Hydroalcoholic Leaf Extract of Punica granatum, alone and in Combination with Calcium Hydroxide, Is Effective against Mono- and Polymicrobial Biofilms of Enterococcus faecalis and Candida albicans

Abstract

Failures in endodontic treatments are mostly associated with the difficulty in eradicating microbes of the root canal system, highlighting the need to develop novel effective antimicrobials. Punica granatum (pomegranate) leaf hydroalcoholic extract may be a potential alternative in canal dressing, owing to its antimicrobial properties. The objective of this study was to evaluate the antimicrobial activity of hydroalcoholic leaf extract of Punica granatum (HEPg) alone or in combination with calcium hydroxide (Ca(OH)₂) against Enterococcus faecalis and Candida albicans in isolation and in mono- and polymicrobial biofilms. Microdilution tests in broth and assays for inhibition of biofilm formation were carried out to evaluate the antimicrobial properties of HEPg and HEPg + Ca(OH)₂ against Enterococcus faecalis and Candida albicans. The cytotoxicity of HEPg in HaCaT cells was evaluated by MTT assay. HEPg and HEPg + Ca(OH)₂ exerted significant antimicrobial activity against planktonic cells and mono- and polymicrobial biofilms. The combination of Punica granatum extract with Ca(OH)₂ appears to be a promising alternative in endodontic treatments, which could be tested in vivo to confirm the efficacy of this mixture in disinfecting root canal systems.

1. Introduction

Failures in root canal treatments are usually attributed to the inefficacy of completely eliminating the canal microbiota [1,2,3] persistent in endodontic infections [4,5]. In this context, Enterococcus faecalis and Candida albicans deserve special attention, as they have been repeatedly isolated from intra-radicular persistent infections [1,2,6]. E. faecalis and C. albicans are opportunistic pathogens found in polymicrobial infections, the gastrointestinal tract, oral cavity, and other non-sterile sites such as soil, sewage, water, and food [7,8,9]. They use dentin as a source of nutrition and interact with other microorganisms to form a complex biofilm that makes them resistant to antimicrobial agents [10].

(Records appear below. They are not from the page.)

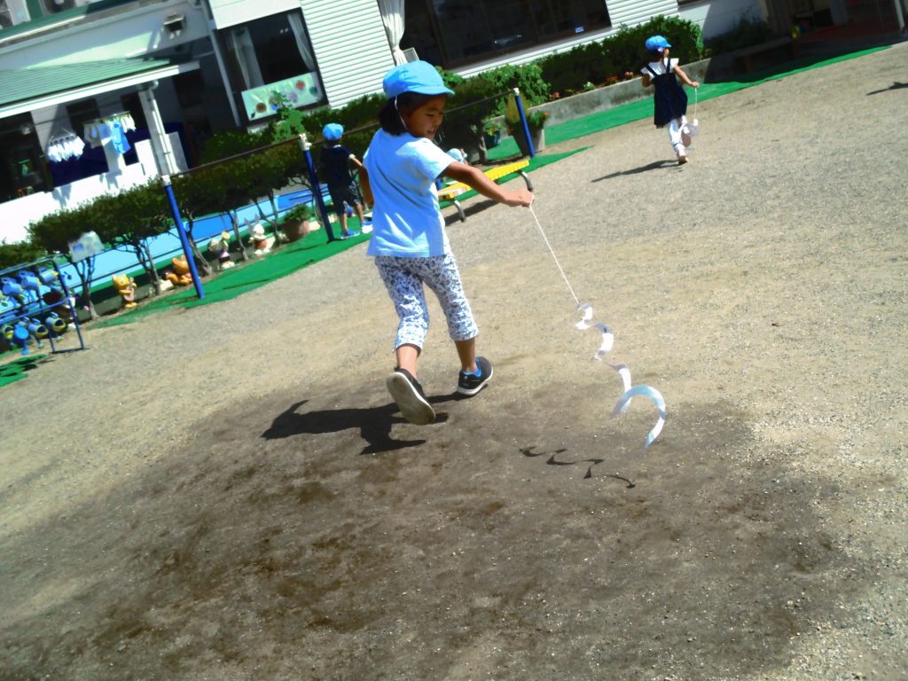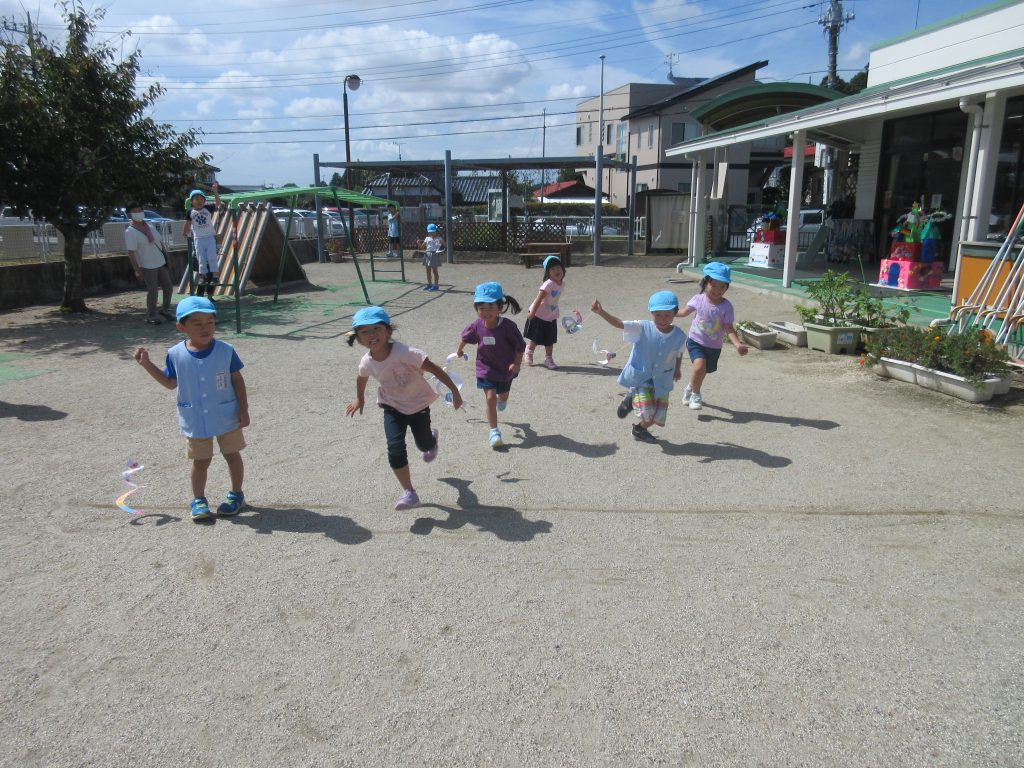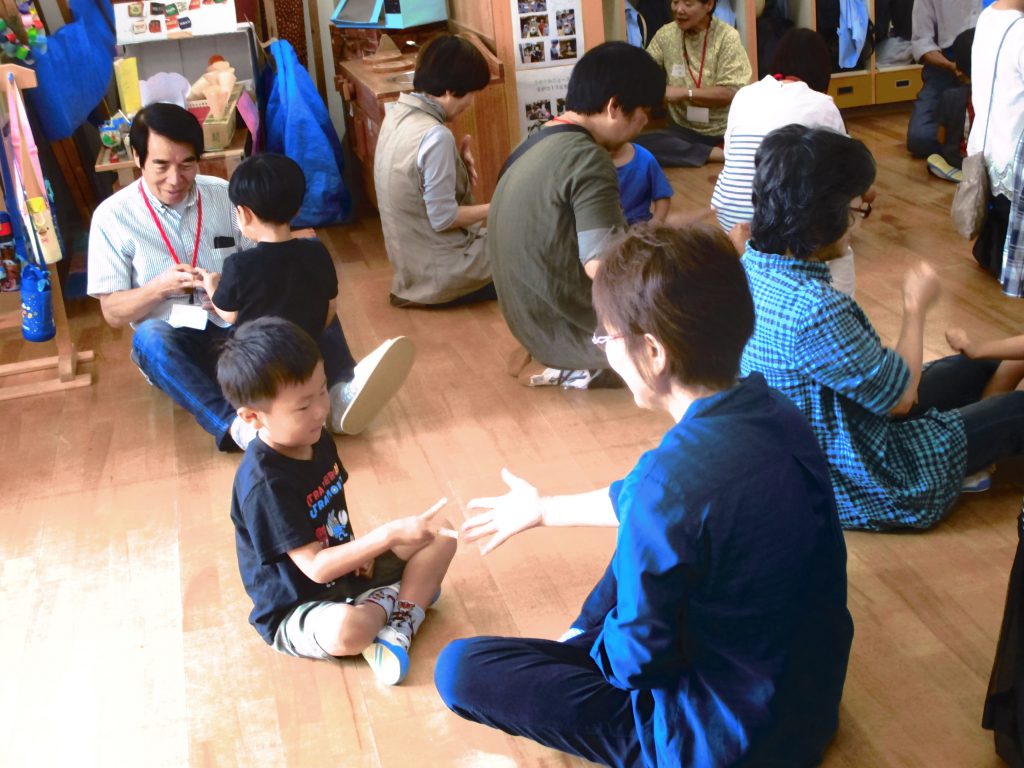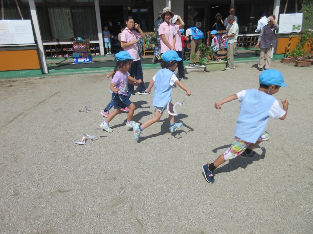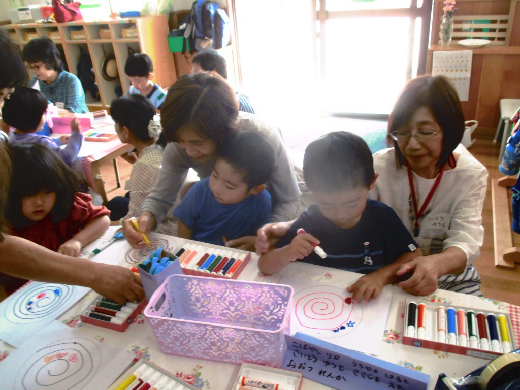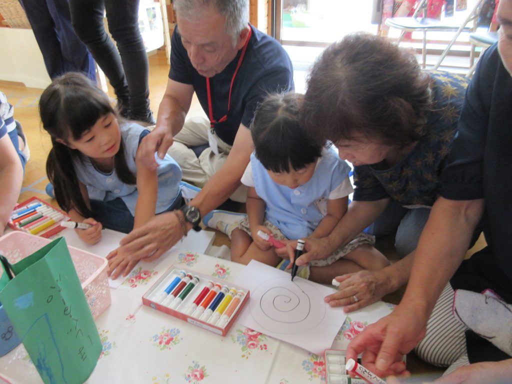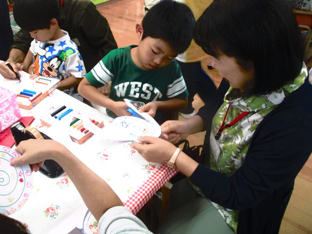 祖父母の方々と一緒に触れ合い遊びやくるくる凧作りをする子どもたちは,とても嬉しそうな表情を見せていました。
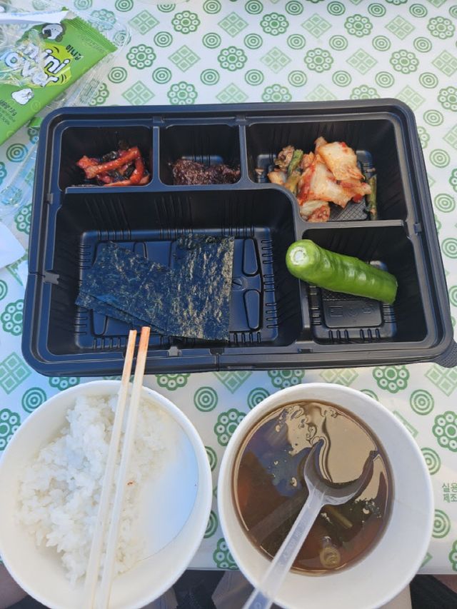 해당 도시락은 반찬으로 조미김 몇 장과 풋고추, 김치, 깻잎절임 등이 전부였다.
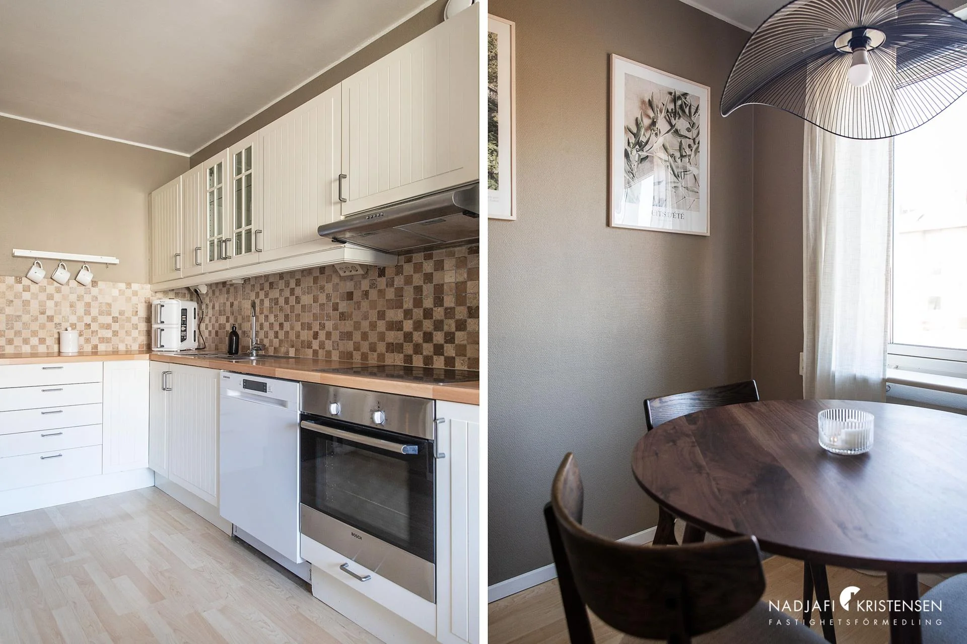 Köket är funktionellt planerat med bra arbetsytor, förvaring och plats för matbord. Det helkaklade badrummet är utrustat med dusch, toalett, handfat och handukstork samt förberett för tvättmaskin, och i grannhuset finns även tillgång till gemensam tvättstuga.
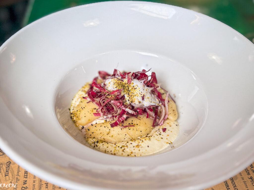 Regut ku če bet, solata s solkanskim radičem, kuhanim krompirjem, ocvirki, česnom, fižolom in poširanim jajcem. Jed, ki se ponavlja vsako leto, ker zaradi radičeve solate komaj čakaš konec in začetek leta. Naj bo kuhar še tako ustvarjalen z radičem, vseeno mora jedec priznati, da je solkanski radič najboljši v solati.
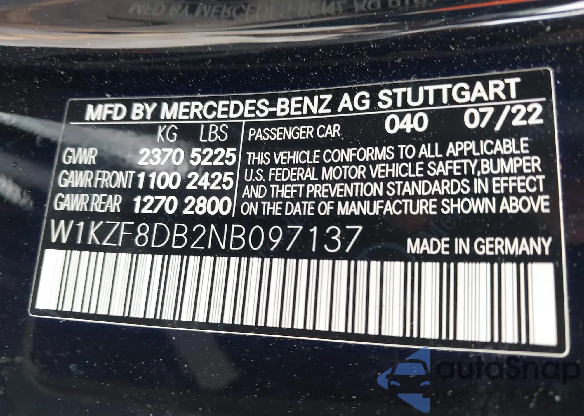 • VIN W1KZF8DB2NB097137
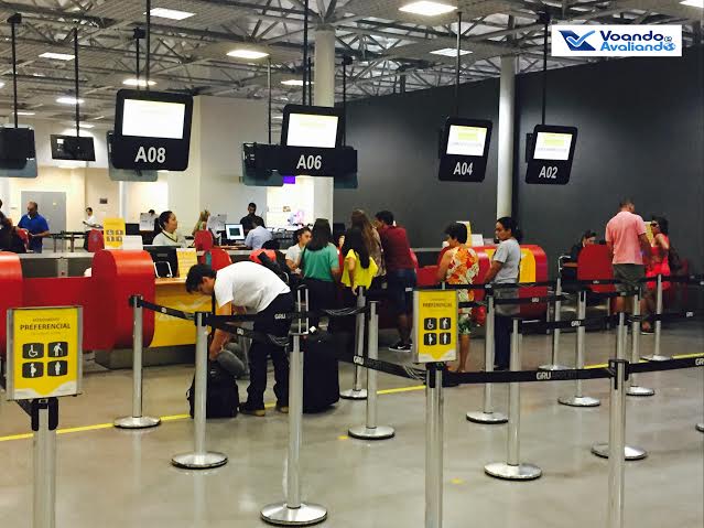 – o T1, mesmo sendo o menor de todos os terminais em Guarulhos, é espaçoso, ainda mais considerando que só atende aos passageiros da Azul e Passaredo, que voam com aviões pequenos; tem alguns restaurantes (fast-food) e lojas; já conta com as catracas eletrônicas: é preciso passar o cartão no leitor para ter acesso ao saguão de embarque
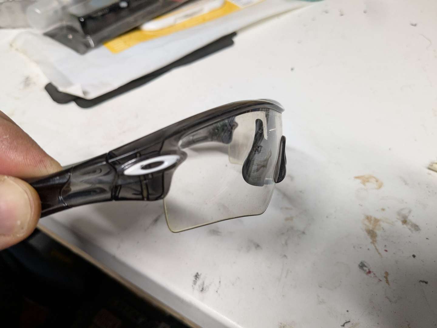 Oakley Radar. Unsure on lens shape due to angle. Possibly pitch, maybe edge, maybe path.

E. faecalis is a Gram-positive coccus and facultative anaerobe. Several virulence and resistance factors contribute to its survival in the root canal. When this microorganism infects the tooth, the connective tissue fluids underlying the alveolar bone and the periodontal ligament are used as a substrate for colonizing the root canal system. Another virulence factor is its ability to produce lytic enzymes, cytolysins, aggregation substances, and lipoteichoic acid [1,11,12]. E. faecalis forms biofilms in medicated root canals and has intrinsic (against calcium hydroxide and sodium hypochlorite) and acquired (against macrolides) [13] antimicrobial resistance.

C. albicans is commonly detected in primary and refractory endodontic infections. This yeast produces proteolytic enzymes to switch its form to blastoconidia, germ tubes, true hyphae, pseudohyphae, and chlamydoconidia, which contribute to its colonization and persistence. These virulence factors are linked with the failure to sanitize the root canal [7].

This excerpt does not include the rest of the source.